[Qemu-devel] [RFC v3 0/2] Add live migration support in the PVRDMA device

Sukrit Bhatnagar posted 2 patches 4 years, 9 months ago
Test checkpatch passed
Test s390x passed
Test asan passed
Test docker-mingw@fedora passed
Test FreeBSD passed
Test docker-clang@ubuntu failed
Patches applied successfully (tree, apply log)
git fetch https://github.com/patchew-project/qemu tags/patchew/20190720234803.18938-1-skrtbhtngr@gmail.com
Maintainers: Marcel Apfelbaum <marcel.apfelbaum@gmail.com>, Yuval Shaia <yuval.shaia@oracle.com>
hw/rdma/vmw/pvrdma_main.c | 94 +++++++++++++++++++++++++++++++++++----
1 file changed, 86 insertions(+), 8 deletions(-)
[Qemu-devel] [RFC v3 0/2] Add live migration support in the PVRDMA device
Posted by Sukrit Bhatnagar 4 years, 9 months ago
In v2, we had successful migration of PCI and MSIX states as well as
various DMA addresses and ring page information.
This series enables the migration of various GIDs used by the device.

We have switched to a setup having two hosts and two VMs running atop them.
Migrations are now performed over the local network.
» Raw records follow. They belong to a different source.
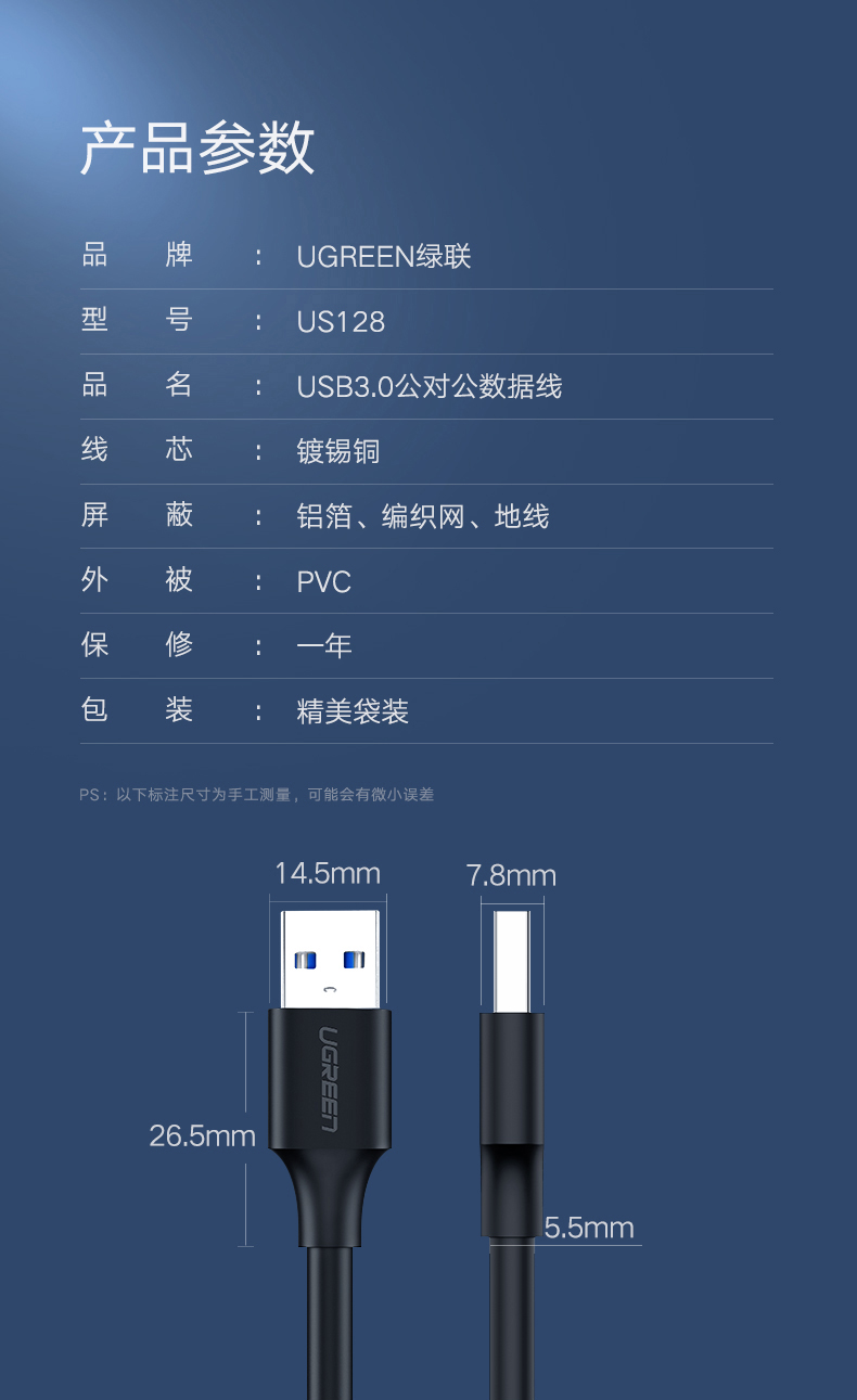 綠聯(lián) US128 USB3.0數(shù)據(jù)線公對(duì)公 2米 黑色 單位:根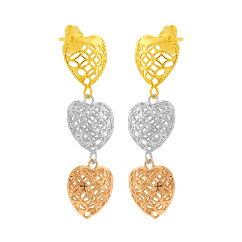 Brinco de Prata Triple Love Filigrana Tricolor 00260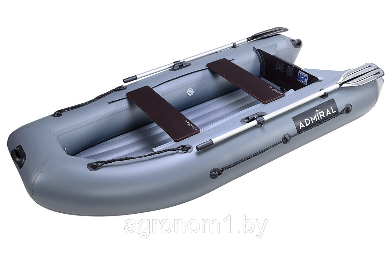 Надувная ПВХ лодка Адмирал 290 НДНД имеет надувное дно и жестко вклеенный транец и отличается: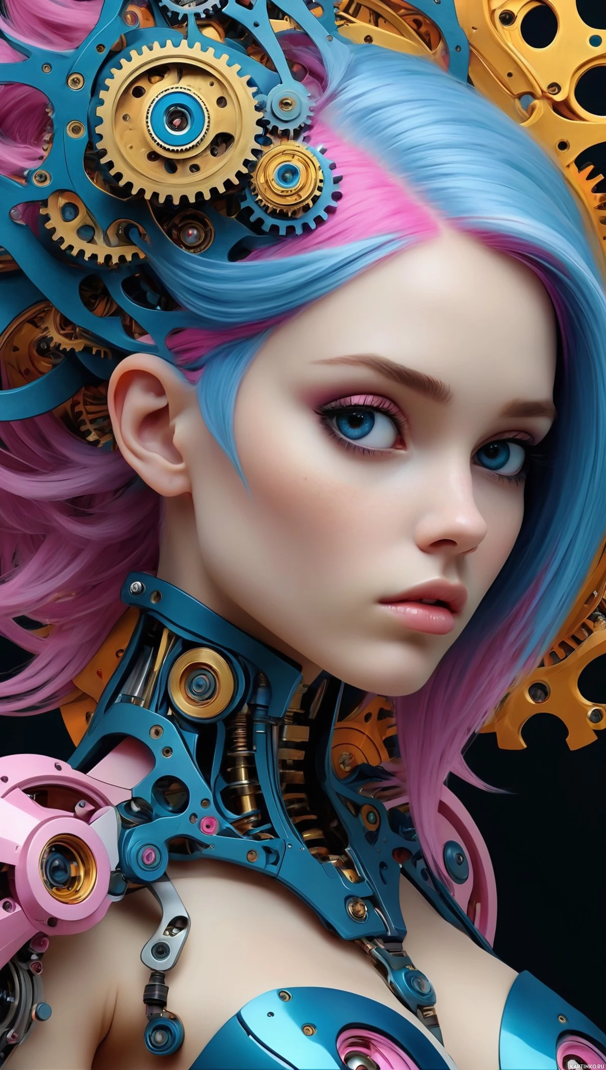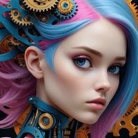 The image features a 3D rendering of an anthropomorphic female character with mechanical and cybernetic elements integrated into her design, giving her a robotic appearance. She has blue hair styled in bangs and spikes on the sides. Her skin is pinkish-purple, and she wears dark eyeshadow and lipstick that matches her hair color. The character's face shows a neutral expression, with a subtle smile. Her eyes are closed, adding to the serene or contemplative mood of the image. She is adorned with intricate designs on her head and shoulders, including gears and ornamental pieces that appear metallic in color. Her body has mechanical components visible, such as joints and pipes, suggesting a blend of organic and machine-like parts. The overall style of the image is sleek and detailed, with an emphasis on science fiction or cyberpunk aesthetics.

This has settled the
same-host issue with libvirt.

We also have performed various ping-pong tests (ibv_rc_pingpong) in the
guest(s) after adding GID migration support and this is the current status:
- ping-pong to localhost succeeds, when performed before starting the
  migration and after the completion of migration.
- ping-pong to a peer succeeds, both before and after migration as above,
  provided that both VMs are running on/migrated to the same host.
  So, if two VMs were started on two different hosts, and one of them
  was migrated to the other host, the ping-pong was successful.
  Similarly, if two VMs are migrated to the same host, then after migration,
  the ping-pong was successful.
- ping-pong to a peer on the remote host is not working as of now.

Our next goal is to achieve successful migration with live traffic.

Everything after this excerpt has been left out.